We see the same with governments globally as they adapt how they manage and share information with their citizens and business owners. Specifically for foreign investors, it is important that business processes are transparent to make the environment conducive to attract such investments.
The legal system or judiciary is one of the most essential aspects in this process. A transparent and efficient legal system inspires confidence in foreign investors and businesses in general. As identified by the United Nations, an efficient judiciary system is a country's core pillar for economic development.
More countries are motivated to make judicial reform a priority to modernise the machinery of governments, especially out-dated policies that impede business processes. Countries envision the judiciary to deliver more equitable, expeditious and transparent services to citizens, businesses and the state. They also wish for an effective judiciary that is capable of enforcing the rule of law - to be strong and independent, consistent in high quality operations, adequate in size, dignified and efficient. In this connection, technology offers many prospects for policy makers to make justice more accessible, transparent and efficient.
How has technology changed the judiciary
In the modernised commercial environment, e-mails, instant messaging, electronic documents, Internet transactions and a whole host of other online services are the norm.
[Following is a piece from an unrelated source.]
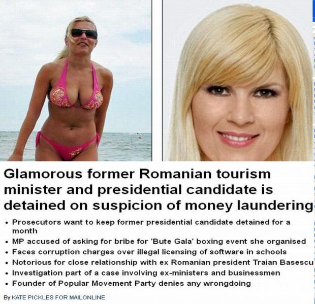 Încătuşarea Elenei Udrea nu a scăpat atenţiei nici presei internaţionale tabloide. Publicaţia britanică dailymail.co.uk consemnează că Udrea este reţinută de procurorii Anticorupţie, fiind învinuită de spălare de bani.
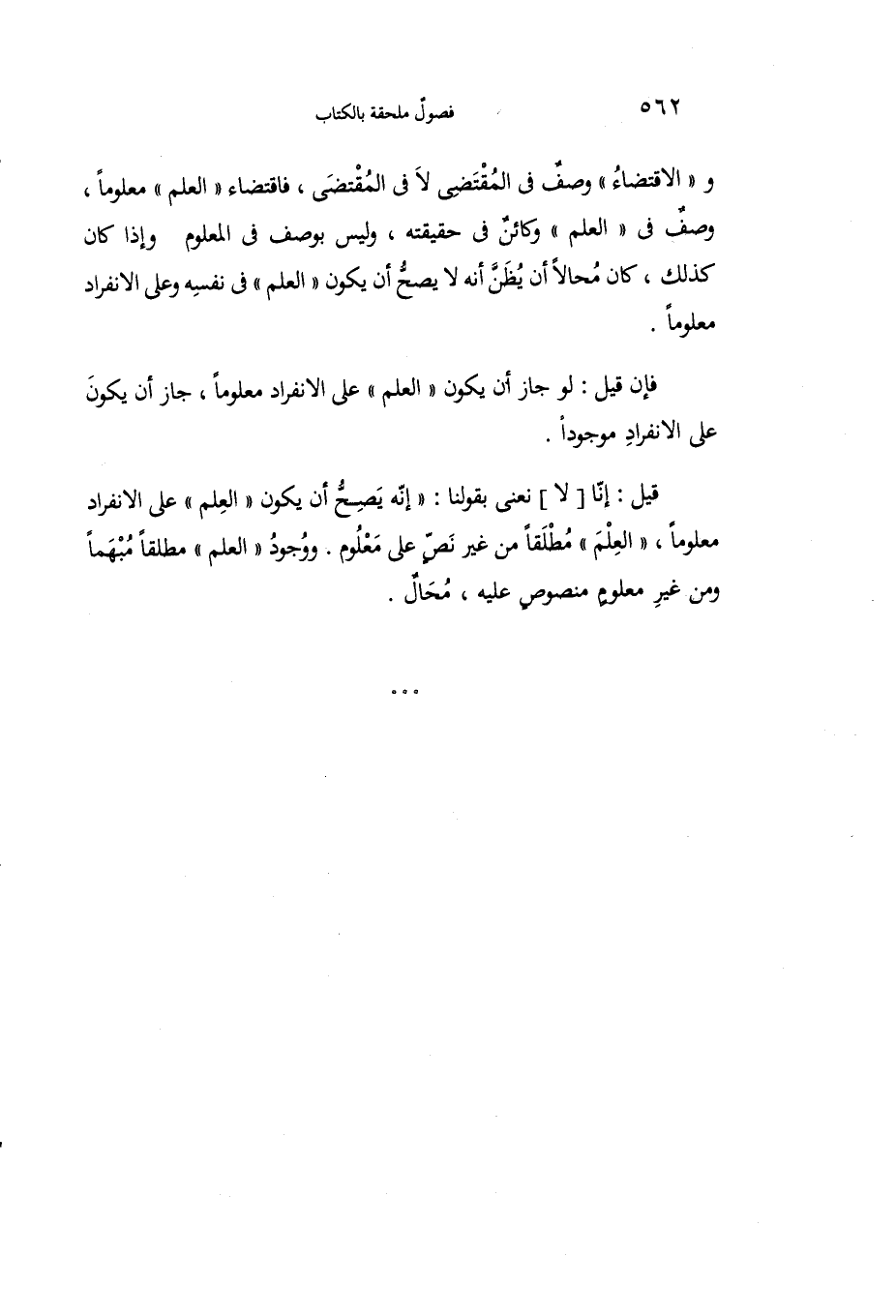 قيل: إنا [لا] نعني بقولنا: "إنه يصح أن يكون "العلم" على الانفراد معلومًا، "العلم" مطلقًا من غير نص على معلوم. ووجود "العلم" مطلقًا مبهمًا ومن غير معلوم منصوص عليه، محال.

This generated large volumes of digital documents, and in any court proceedings, managing large volumes of these electronic documents coupled with physical documents is challenging.
Court cases usually take a long time to get resolved because someone is filing a motion and a long paper trail is created to support the case. As we utilise an increasing amount of digital content, how can the legal community collect and preserve these electronic documents? What are the tools to help lawyers present these documents in the course of a trial? How can judges leverage technology to manage trials?
Back in 1990, Singapore Attorney General's Chambers had a vision to harness technology to efficiently deliver justice and make the Courts more accessible to the public. The plan was to simplify criminal and civil proceedings and build a strategic national information network to enable a wide array of electronic information services for both the courts and lawyers.
Prior to the reforms, the Singapore Judiciary was experiencing a serious backlog of cases with waiting periods for trials lasting as long as years. Since the reforms, cases today are processed electronically and heard within three months. More than half of all cases are now concluded within six months, ranking the Singapore's judicial system among the fastest in the world.